Start of EXTRACTED RECORDS

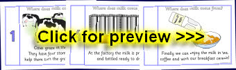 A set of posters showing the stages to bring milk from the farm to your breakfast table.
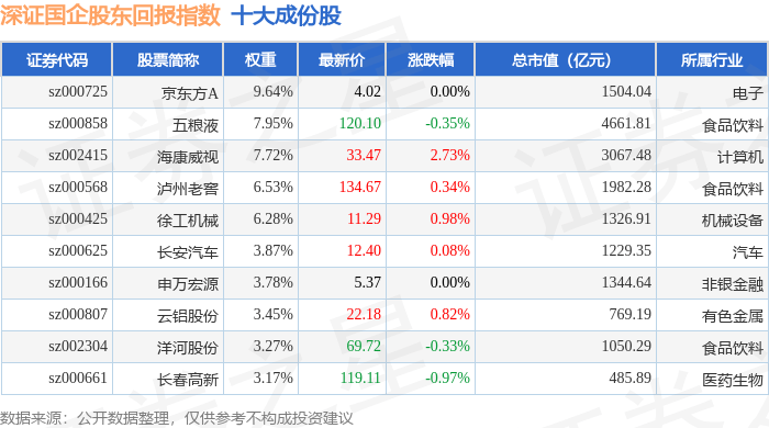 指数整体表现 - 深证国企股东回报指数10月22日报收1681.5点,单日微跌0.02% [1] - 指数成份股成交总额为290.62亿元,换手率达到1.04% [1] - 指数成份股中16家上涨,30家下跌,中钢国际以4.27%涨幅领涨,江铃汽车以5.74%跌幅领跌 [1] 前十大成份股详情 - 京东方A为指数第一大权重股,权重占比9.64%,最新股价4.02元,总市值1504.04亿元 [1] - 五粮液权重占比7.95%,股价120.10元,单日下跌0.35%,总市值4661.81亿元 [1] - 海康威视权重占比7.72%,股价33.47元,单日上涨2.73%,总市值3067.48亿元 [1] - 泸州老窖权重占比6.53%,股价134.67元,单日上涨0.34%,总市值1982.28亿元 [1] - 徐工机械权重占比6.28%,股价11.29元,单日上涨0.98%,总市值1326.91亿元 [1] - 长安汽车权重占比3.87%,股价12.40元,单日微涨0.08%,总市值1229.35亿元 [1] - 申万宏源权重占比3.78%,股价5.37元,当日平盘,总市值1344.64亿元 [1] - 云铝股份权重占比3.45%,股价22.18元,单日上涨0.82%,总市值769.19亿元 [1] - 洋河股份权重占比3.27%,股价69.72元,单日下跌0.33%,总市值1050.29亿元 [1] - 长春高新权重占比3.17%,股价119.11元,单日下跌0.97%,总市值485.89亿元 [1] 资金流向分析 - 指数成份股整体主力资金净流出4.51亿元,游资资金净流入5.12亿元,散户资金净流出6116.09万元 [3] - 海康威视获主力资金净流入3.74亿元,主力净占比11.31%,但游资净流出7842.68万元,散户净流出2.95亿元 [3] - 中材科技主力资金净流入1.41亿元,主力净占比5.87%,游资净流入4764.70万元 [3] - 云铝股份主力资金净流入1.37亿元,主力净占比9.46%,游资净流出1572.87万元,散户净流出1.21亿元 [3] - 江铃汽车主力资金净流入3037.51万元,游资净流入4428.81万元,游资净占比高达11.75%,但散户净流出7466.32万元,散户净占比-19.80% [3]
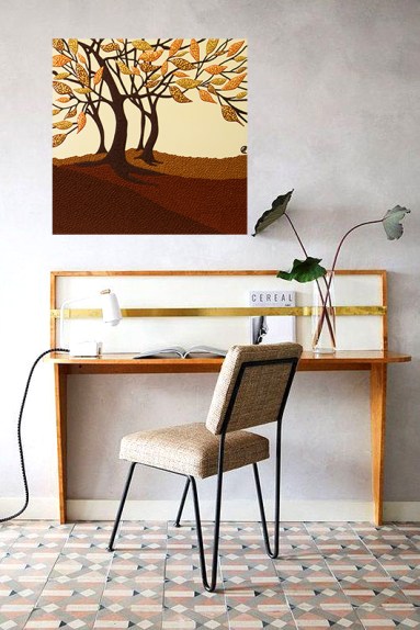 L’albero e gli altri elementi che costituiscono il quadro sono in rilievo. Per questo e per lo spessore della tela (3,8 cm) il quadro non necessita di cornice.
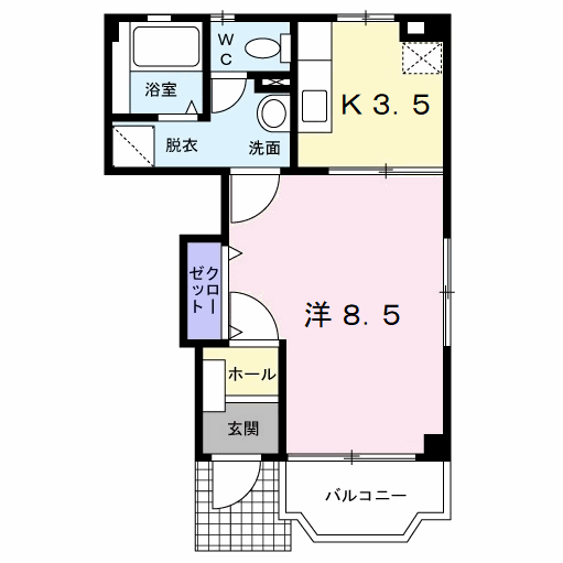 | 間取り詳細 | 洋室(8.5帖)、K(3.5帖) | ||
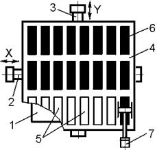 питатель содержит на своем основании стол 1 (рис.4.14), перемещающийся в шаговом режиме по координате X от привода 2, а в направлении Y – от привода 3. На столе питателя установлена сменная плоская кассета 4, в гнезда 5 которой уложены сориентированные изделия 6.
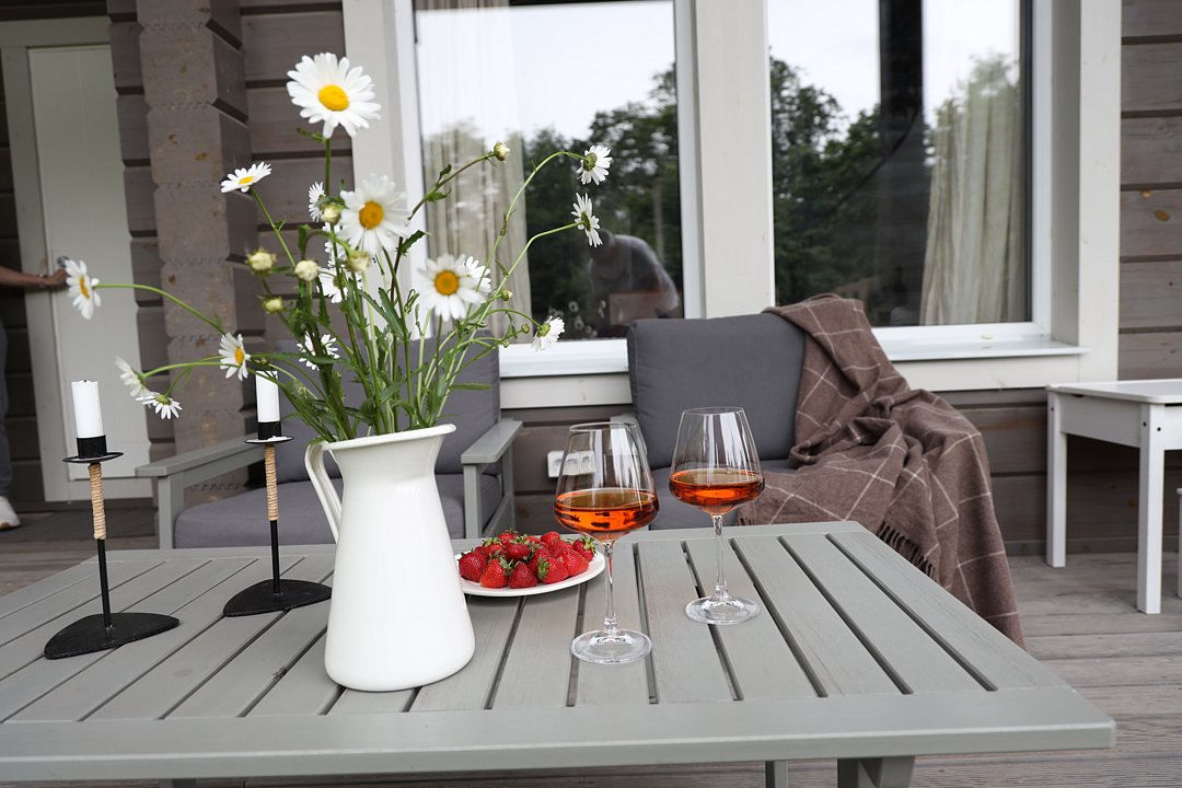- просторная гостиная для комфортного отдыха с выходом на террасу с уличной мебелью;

End of EXTRACTED RECORDS

*EXERCISE DIRECTIONS*:
Once the pictures are set aside, give the rest of the listing again exactly.

*EXPECTED OUTPUT*:
 A set of posters showing the stages to bring milk from the farm to your breakfast table.
 指数整体表现 - 深证国企股东回报指数10月22日报收1681.5点,单日微跌0.02% [1] - 指数成份股成交总额为290.62亿元,换手率达到1.04% [1] - 指数成份股中16家上涨,30家下跌,中钢国际以4.27%涨幅领涨,江铃汽车以5.74%跌幅领跌 [1] 前十大成份股详情 - 京东方A为指数第一大权重股,权重占比9.64%,最新股价4.02元,总市值1504.04亿元 [1] - 五粮液权重占比7.95%,股价120.10元,单日下跌0.35%,总市值4661.81亿元 [1] - 海康威视权重占比7.72%,股价33.47元,单日上涨2.73%,总市值3067.48亿元 [1] - 泸州老窖权重占比6.53%,股价134.67元,单日上涨0.34%,总市值1982.28亿元 [1] - 徐工机械权重占比6.28%,股价11.29元,单日上涨0.98%,总市值1326.91亿元 [1] - 长安汽车权重占比3.87%,股价12.40元,单日微涨0.08%,总市值1229.35亿元 [1] - 申万宏源权重占比3.78%,股价5.37元,当日平盘,总市值1344.64亿元 [1] - 云铝股份权重占比3.45%,股价22.18元,单日上涨0.82%,总市值769.19亿元 [1] - 洋河股份权重占比3.27%,股价69.72元,单日下跌0.33%,总市值1050.29亿元 [1] - 长春高新权重占比3.17%,股价119.11元,单日下跌0.97%,总市值485.89亿元 [1] 资金流向分析 - 指数成份股整体主力资金净流出4.51亿元,游资资金净流入5.12亿元,散户资金净流出6116.09万元 [3] - 海康威视获主力资金净流入3.74亿元,主力净占比11.31%,但游资净流出7842.68万元,散户净流出2.95亿元 [3] - 中材科技主力资金净流入1.41亿元,主力净占比5.87%,游资净流入4764.70万元 [3] - 云铝股份主力资金净流入1.37亿元,主力净占比9.46%,游资净流出1572.87万元,散户净流出1.21亿元 [3] - 江铃汽车主力资金净流入3037.51万元,游资净流入4428.81万元,游资净占比高达11.75%,但散户净流出7466.32万元,散户净占比-19.80% [3]
 L’albero e gli altri elementi che costituiscono il quadro sono in rilievo. Per questo e per lo spessore della tela (3,8 cm) il quadro non necessita di cornice.
 | 間取り詳細 | 洋室(8.5帖)、K(3.5帖) | ||
 питатель содержит на своем основании стол 1 (рис.4.14), перемещающийся в шаговом режиме по координате X от привода 2, а в направлении Y – от привода 3. На столе питателя установлена сменная плоская кассета 4, в гнезда 5 которой уложены сориентированные изделия 6.
- просторная гостиная для комфортного отдыха с выходом на террасу с уличной мебелью;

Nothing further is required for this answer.